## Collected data
──────────

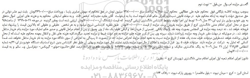 بموجب پرونده کلاسه بایگانی فوق محکوم علیه علی عطاالهی محکوم است فعلا به پرداخت مبلغ 738/000/000 میلیون تومان در حق محکوم له مهوش صابری پارسا ، وپرداخت مبلغ36900/000تومان بابت نیم عشر دولتی در حق صندوق دولت با توجه به اینکه محکوم علیه در مهلت قانونی نسبت به اجرای حکم اقدام ننموده است بنا به درخواست آقای مجید مجیدزاده شخص ثالث و به منظور استیفای محکوم به و هزینه های اجرایی اموال متعلق به وی خودرو سواری بنز تیپ ای230 مدل 2009 توسط این اجرا توقیف وتوسط کارشناس دادگستری ارزیابی گردیده که قیمت ششدانگ آن700/000/000تومان ارزیابی شده است ومقرر گردیده در مورخه 21-5-1399 از ساعت8تا9 صبح در محل اجرای احکام مدنی دادگستری کرج از طریق مزایده بفروش برسد. مزایده از قیمت 700/000/000تومان طبق نظریه کارشناسی شروع میشود و به هر شخص حقیقی و حقوقی که بالاترین قیمت را پیشنهاد نماید فروخته خواهد شد . ده درصد وجه مزایده فی المجلس بصورت وجه نقد یا چک بانکی تضمینی از خریدار اخذ و الباقی ظرف یک ماه از وی وصول و پس از انجام مراحل قانونی و صدور حکم تملیک مورد مزایده بنام خریدار منتقل خواهد شد . در صورتیکه در مهلت مقرر خریدار وجه مزایده راپرداخت ننماید سپرده وی پس از کسر هزینه های مزایده به نفع دولت ضبط و مزایده تجدید میگردد.کلیه هزینه های نقل و انتقال بعهده محکوم علیه است.که از محل فروش پرداخت خواهد شد.طرفین میتوانند ظرف مدت یک هفته از تاریخ مزایده نسبت به نحوه انجام مزایده اعتراض نمایند که در اینصورت تا رسیدگی به اعتراض از سوی دادگاه مورد مزایده به نام خریدار منتقل نخواهد شد. ضمناً کسانی که تمایل به شرکت در مزایده دارند میتوانند ظرف 5 روز قبل از مزایده با اطلاع از مال مورد مزایده بازدید نمایند. مال مورد مزایده و بهای آن طبق نظر کارشناس بدین شرح است:یک دستگاه خودرو بنز ای230به شماره انتظامی 76و312 ایران 21 مدل 2009 به رنگ خاکستری متالیک و شماره شاسی بی380197 و شماره موتور 1037630 با وضعیت ظاهری تایر 80 درصد اطاق-داشبورد-موتور- گیربکس- دیفرانسیل و... سالم و به قیمت 700/000/000تومان
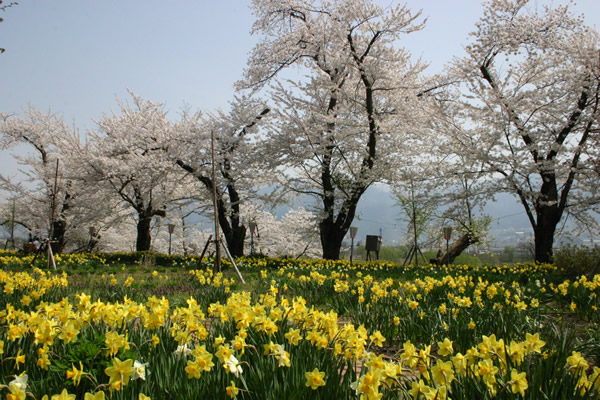 上杉謙信・景勝の二代にわたり築城された飯山城。城内には約400本のソメイヨシノが咲き乱れる。同時期、三の丸ではスイセンの花も見頃となります。問/飯山市観光協会 0269-62-3133
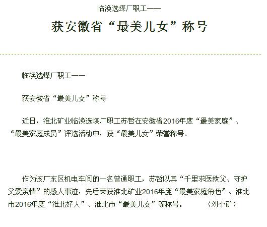 《中国煤炭报》6版:临涣选煤厂职工获安徽省“最美儿女”称号
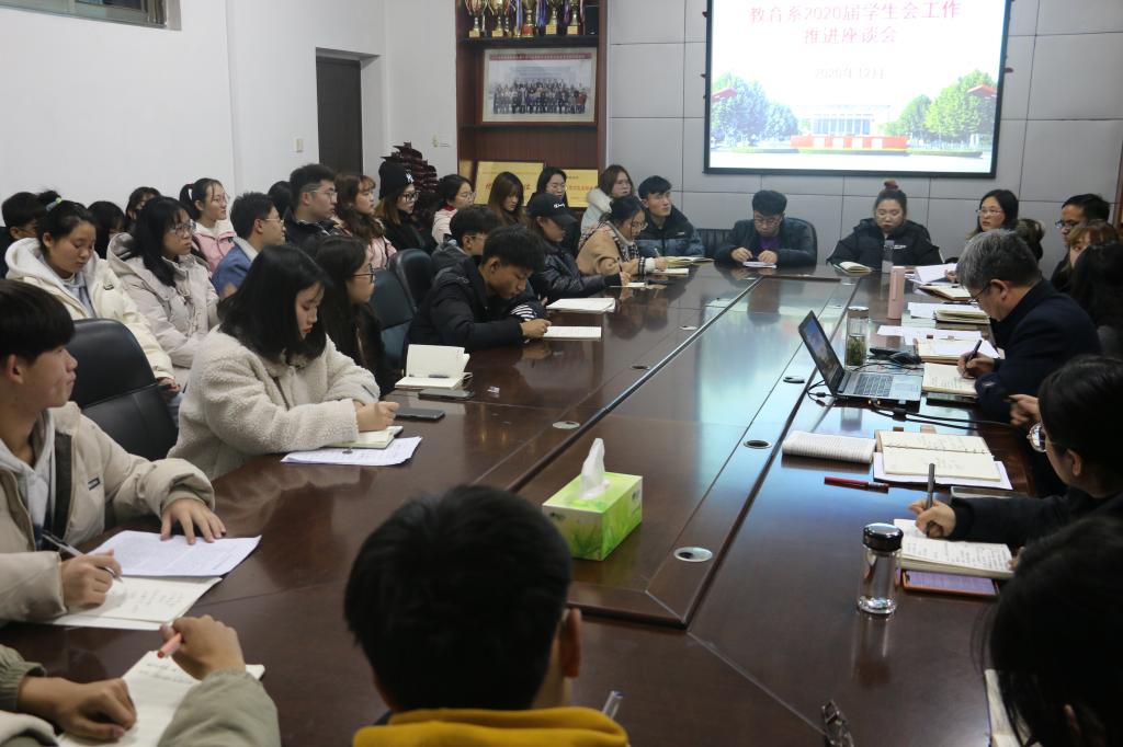 为进一步开展我系学生会的工作,提升工作能力,12月1日下午17时,在教育系二号楼A211举办了2020届学生会工作推进座谈会。教育系党总支书记乔东华,副书记刘勇,团总支书记杜鹃,各年级辅导员,学生会成员以及2020级学生干部出席此次会议。
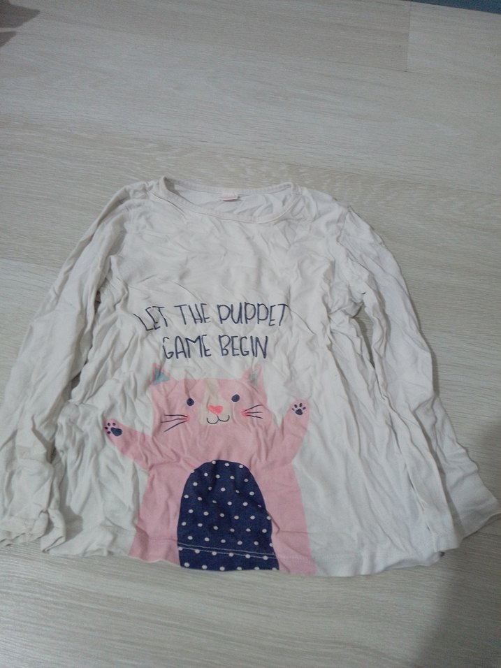 Yumuşak pamuktan, uzun kollu, salaş kesim kız çocuk tişörtü. Bisiklet yakalı, baskılı ve düğmeli detaylı, pastel beyaz renkte.
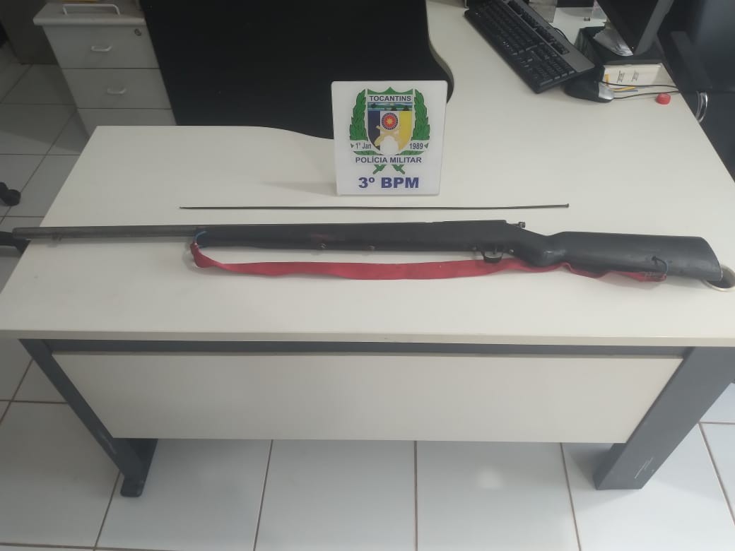 Arma foi encontrada embaixo do colchão de um colchão na casa do casal. Suspeito foi levado à delegacia de Pedro Afonso. Espingarda estava escondida debaixo de colchão
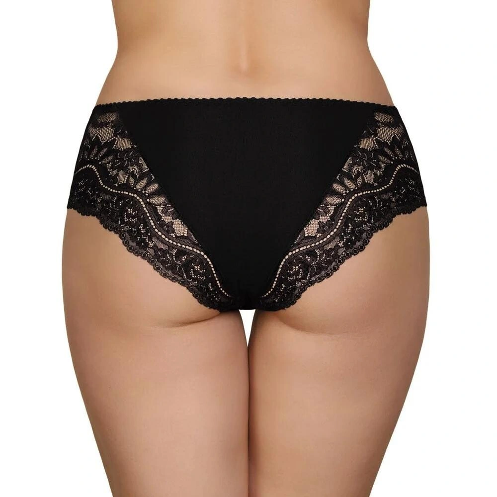 Elegantné dámske nohavičky Modo 114 s klasickým strihom. Dámske nohavičky sú vyrobené z veľmi príjemnej bavlny a na zadnej strane ich zdobí krásna kvalitná elastická čipka. Dámske nohavičky sú dostupné v čiernej farbe.

──────────

## WHAT TO DO
From the line that contains "为进一步开展我系学生会的工作" to the final line of the entries, reproduce every line exactly, both ends included. Leave out all pictures.

## THE ANSWER
 为进一步开展我系学生会的工作,提升工作能力,12月1日下午17时,在教育系二号楼A211举办了2020届学生会工作推进座谈会。教育系党总支书记乔东华,副书记刘勇,团总支书记杜鹃,各年级辅导员,学生会成员以及2020级学生干部出席此次会议。
 Yumuşak pamuktan, uzun kollu, salaş kesim kız çocuk tişörtü. Bisiklet yakalı, baskılı ve düğmeli detaylı, pastel beyaz renkte.
 Arma foi encontrada embaixo do colchão de um colchão na casa do casal. Suspeito foi levado à delegacia de Pedro Afonso. Espingarda estava escondida debaixo de colchão
 Elegantné dámske nohavičky Modo 114 s klasickým strihom. Dámske nohavičky sú vyrobené z veľmi príjemnej bavlny a na zadnej strane ich zdobí krásna kvalitná elastická čipka. Dámske nohavičky sú dostupné v čiernej farbe.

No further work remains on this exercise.